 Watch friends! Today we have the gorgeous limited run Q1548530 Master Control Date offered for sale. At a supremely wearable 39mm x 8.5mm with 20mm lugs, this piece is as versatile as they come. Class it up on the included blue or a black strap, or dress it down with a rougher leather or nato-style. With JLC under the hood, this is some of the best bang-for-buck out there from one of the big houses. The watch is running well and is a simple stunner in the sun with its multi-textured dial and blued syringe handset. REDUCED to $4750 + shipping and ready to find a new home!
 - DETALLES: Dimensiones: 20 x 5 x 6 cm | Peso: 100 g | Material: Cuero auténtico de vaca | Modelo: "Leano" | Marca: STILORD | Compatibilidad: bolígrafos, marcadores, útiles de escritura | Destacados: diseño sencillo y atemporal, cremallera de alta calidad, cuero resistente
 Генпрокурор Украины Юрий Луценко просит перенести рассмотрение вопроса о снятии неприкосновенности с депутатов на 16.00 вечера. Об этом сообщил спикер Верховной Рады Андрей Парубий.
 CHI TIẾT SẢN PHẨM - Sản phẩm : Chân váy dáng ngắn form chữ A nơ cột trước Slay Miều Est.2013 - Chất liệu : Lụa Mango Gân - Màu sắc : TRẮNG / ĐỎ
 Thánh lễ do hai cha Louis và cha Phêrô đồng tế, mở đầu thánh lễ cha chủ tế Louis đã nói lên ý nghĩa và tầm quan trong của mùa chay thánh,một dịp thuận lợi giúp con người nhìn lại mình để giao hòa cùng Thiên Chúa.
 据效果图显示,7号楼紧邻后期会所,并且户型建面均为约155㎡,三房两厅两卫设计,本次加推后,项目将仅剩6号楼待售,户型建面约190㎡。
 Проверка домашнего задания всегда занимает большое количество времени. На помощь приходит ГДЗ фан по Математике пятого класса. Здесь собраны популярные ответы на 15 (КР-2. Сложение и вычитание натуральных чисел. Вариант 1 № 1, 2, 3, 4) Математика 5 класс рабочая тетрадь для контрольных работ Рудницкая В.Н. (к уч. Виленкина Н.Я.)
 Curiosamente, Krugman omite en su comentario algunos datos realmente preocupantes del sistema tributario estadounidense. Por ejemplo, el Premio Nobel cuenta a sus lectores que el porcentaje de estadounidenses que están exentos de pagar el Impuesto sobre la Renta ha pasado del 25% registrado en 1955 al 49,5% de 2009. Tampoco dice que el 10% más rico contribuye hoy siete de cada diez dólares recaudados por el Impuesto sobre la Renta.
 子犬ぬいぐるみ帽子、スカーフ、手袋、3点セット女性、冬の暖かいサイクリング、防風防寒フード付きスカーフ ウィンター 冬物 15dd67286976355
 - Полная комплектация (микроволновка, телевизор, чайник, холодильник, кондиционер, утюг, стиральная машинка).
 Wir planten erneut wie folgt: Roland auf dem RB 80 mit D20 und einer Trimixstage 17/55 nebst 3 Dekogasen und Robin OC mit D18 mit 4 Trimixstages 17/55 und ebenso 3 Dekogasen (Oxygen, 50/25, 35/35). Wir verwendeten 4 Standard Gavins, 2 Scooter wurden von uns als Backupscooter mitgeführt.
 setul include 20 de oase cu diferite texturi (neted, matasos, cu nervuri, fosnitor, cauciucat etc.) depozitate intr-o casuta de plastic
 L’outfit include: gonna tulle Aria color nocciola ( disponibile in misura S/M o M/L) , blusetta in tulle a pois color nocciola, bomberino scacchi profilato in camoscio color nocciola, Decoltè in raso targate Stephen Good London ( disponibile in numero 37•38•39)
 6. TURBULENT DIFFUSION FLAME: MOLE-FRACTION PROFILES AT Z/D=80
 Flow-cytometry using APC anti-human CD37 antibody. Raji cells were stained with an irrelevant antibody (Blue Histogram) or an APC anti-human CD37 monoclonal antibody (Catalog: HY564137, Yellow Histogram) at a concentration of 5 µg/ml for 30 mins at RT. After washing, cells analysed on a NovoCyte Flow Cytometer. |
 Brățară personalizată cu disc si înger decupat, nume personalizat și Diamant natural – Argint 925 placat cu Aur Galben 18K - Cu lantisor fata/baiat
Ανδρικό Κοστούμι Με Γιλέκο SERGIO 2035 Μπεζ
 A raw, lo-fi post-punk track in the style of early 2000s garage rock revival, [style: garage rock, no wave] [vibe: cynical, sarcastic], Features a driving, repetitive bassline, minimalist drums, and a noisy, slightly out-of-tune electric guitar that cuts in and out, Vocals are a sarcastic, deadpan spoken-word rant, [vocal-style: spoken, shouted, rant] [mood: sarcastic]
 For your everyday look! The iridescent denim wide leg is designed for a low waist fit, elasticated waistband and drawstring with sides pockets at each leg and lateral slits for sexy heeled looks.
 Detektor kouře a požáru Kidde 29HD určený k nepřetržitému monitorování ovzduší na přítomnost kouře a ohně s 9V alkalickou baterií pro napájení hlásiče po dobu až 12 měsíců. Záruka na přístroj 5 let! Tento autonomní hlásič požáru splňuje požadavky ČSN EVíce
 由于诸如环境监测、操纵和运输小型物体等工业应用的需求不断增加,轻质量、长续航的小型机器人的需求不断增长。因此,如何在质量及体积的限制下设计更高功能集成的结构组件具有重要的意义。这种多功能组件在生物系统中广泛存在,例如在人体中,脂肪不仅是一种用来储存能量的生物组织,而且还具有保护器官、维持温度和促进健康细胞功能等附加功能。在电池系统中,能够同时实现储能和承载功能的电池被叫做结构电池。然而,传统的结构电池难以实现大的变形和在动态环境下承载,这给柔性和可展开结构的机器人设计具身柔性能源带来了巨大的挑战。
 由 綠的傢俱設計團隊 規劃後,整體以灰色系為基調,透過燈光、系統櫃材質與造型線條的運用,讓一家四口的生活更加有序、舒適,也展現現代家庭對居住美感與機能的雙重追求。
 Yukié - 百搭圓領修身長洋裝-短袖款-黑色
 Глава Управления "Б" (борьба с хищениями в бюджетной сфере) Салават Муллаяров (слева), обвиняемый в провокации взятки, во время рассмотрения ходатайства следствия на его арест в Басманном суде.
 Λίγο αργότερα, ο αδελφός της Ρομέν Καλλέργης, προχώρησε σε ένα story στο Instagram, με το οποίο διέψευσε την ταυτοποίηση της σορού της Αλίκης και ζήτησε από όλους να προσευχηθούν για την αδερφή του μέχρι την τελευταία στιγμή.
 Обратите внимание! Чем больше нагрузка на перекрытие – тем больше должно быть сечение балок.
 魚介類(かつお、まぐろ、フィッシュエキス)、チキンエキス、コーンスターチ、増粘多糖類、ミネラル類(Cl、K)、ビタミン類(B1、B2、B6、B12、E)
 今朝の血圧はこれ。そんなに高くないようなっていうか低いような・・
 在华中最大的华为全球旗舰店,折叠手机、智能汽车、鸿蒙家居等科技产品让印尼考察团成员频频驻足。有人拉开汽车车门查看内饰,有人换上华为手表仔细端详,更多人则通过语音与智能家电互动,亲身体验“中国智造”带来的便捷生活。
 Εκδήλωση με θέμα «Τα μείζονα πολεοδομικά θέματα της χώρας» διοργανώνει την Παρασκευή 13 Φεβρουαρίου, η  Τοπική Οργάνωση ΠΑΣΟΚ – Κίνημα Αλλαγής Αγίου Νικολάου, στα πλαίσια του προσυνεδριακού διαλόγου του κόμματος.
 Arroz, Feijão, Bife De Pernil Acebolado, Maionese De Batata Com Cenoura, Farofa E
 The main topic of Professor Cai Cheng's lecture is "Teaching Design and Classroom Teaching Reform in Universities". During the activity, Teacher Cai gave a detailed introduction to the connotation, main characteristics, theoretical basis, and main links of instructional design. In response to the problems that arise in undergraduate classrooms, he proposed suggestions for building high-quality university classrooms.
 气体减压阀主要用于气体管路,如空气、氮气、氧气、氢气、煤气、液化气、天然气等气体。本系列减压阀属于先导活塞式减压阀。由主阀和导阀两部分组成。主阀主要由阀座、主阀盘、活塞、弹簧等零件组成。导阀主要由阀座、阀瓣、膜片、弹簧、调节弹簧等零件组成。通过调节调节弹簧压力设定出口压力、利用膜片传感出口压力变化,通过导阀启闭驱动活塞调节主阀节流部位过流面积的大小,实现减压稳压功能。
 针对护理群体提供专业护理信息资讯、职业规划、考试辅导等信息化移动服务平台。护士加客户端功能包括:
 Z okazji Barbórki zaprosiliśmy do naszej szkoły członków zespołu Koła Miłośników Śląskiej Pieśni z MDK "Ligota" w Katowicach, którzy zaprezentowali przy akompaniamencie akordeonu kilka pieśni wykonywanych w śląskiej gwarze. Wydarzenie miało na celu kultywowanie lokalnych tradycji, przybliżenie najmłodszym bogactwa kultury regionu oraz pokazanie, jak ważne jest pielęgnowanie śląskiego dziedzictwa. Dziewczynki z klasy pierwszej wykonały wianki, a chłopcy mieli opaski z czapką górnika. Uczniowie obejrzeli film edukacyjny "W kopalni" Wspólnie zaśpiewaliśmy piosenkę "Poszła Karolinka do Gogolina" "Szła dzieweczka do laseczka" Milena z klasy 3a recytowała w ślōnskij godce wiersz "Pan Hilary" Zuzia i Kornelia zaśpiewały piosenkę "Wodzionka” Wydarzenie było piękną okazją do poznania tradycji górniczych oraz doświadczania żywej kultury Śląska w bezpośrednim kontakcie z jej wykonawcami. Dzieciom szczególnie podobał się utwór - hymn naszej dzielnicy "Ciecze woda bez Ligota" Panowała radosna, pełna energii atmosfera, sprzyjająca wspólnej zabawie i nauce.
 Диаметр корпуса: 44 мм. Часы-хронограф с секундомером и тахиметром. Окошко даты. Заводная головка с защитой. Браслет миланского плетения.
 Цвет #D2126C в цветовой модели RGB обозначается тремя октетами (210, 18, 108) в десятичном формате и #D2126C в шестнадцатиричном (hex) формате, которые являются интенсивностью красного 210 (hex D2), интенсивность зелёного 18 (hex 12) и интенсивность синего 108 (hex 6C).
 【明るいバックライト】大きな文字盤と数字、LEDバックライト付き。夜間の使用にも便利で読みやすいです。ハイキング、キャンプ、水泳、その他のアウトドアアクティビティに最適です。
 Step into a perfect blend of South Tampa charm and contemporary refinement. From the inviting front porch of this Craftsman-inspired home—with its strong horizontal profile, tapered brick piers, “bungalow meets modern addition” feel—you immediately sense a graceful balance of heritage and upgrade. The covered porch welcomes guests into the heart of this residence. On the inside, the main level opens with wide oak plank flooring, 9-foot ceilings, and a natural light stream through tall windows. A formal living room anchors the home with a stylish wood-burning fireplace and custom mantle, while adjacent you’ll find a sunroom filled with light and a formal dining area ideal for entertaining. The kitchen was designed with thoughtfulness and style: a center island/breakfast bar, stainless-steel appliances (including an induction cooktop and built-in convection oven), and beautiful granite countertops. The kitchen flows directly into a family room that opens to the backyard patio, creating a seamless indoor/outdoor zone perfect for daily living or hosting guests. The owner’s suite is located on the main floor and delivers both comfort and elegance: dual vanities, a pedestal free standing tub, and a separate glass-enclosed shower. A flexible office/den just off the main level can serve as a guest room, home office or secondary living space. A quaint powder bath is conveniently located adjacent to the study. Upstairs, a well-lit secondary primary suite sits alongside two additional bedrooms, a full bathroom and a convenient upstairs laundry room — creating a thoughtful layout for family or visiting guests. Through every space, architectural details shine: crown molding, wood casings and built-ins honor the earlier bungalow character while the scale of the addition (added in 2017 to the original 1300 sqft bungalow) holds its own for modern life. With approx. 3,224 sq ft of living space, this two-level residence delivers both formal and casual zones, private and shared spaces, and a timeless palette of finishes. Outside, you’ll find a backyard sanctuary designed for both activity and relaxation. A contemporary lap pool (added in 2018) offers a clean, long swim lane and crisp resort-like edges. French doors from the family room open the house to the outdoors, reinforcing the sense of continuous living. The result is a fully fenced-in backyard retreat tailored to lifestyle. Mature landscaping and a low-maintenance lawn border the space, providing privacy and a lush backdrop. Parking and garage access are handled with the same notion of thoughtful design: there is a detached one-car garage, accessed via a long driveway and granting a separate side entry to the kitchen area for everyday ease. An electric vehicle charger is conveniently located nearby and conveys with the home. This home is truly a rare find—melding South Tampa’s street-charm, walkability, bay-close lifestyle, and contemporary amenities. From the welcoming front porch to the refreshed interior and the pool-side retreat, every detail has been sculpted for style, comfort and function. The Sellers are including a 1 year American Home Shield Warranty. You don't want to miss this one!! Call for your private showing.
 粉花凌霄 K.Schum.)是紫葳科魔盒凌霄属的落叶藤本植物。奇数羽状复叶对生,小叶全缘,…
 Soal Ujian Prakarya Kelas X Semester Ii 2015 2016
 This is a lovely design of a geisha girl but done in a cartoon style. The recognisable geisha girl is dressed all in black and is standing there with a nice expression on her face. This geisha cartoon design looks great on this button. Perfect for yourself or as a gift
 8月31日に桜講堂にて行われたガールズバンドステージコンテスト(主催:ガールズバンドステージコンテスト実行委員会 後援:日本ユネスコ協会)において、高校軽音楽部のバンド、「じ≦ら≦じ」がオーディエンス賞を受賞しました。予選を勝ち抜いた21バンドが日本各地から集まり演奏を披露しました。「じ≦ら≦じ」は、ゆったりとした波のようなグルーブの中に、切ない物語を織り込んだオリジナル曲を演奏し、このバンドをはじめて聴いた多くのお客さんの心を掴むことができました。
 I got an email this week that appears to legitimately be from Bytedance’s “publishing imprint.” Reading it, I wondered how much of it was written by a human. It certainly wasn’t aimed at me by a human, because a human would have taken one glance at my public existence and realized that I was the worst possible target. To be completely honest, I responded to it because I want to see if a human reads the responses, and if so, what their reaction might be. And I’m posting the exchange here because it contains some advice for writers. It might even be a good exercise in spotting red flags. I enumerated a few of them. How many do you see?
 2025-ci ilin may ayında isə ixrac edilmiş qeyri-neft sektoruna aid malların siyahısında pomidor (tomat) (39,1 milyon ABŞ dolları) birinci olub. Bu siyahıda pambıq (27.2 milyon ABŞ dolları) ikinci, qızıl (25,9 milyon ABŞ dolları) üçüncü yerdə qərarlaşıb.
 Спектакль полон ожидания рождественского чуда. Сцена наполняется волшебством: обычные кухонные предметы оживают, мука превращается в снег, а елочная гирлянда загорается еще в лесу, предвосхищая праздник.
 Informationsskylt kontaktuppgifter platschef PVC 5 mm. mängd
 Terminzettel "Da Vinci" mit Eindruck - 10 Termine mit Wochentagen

- **WHAT THE TASK REQUIRES**: Reply with one number, the count of lines in the entries that hold the string "looks".

- **RESPONSE FOR THIS EXERCISE**: 2